→ TASK TO COMPLETE
Among the lines below, a stretch begins at the one with "Aspect interior din" and ends at the one with "Maibaumsetzung an der". Repeat that stretch exactly, ends included.

THE RECORDS below:

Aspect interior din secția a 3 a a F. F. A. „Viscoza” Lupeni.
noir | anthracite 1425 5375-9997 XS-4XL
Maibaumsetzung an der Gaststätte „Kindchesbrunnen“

End of THE RECORDS.
THE RECORDS below:

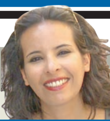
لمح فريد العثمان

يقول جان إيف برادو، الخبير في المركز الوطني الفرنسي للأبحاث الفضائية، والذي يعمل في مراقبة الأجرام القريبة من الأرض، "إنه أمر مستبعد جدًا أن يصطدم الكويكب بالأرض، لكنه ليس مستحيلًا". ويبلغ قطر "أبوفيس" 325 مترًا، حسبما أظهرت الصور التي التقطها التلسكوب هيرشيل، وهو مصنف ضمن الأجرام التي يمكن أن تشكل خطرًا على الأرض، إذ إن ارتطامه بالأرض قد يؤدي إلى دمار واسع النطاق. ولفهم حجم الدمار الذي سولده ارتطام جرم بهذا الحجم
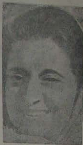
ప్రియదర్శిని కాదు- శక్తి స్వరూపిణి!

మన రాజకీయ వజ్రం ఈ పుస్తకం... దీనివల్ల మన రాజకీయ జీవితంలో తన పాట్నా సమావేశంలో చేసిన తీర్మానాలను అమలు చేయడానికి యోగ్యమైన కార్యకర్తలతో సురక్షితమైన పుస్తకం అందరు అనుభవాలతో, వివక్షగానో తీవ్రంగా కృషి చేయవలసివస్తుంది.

End of THE RECORDS.

→ ANSWER SECTION
Aspect interior din secția a 3 a a F. F. A. „Viscoza” Lupeni.
noir | anthracite 1425 5375-9997 XS-4XL
Maibaumsetzung an der Gaststätte „Kindchesbrunnen“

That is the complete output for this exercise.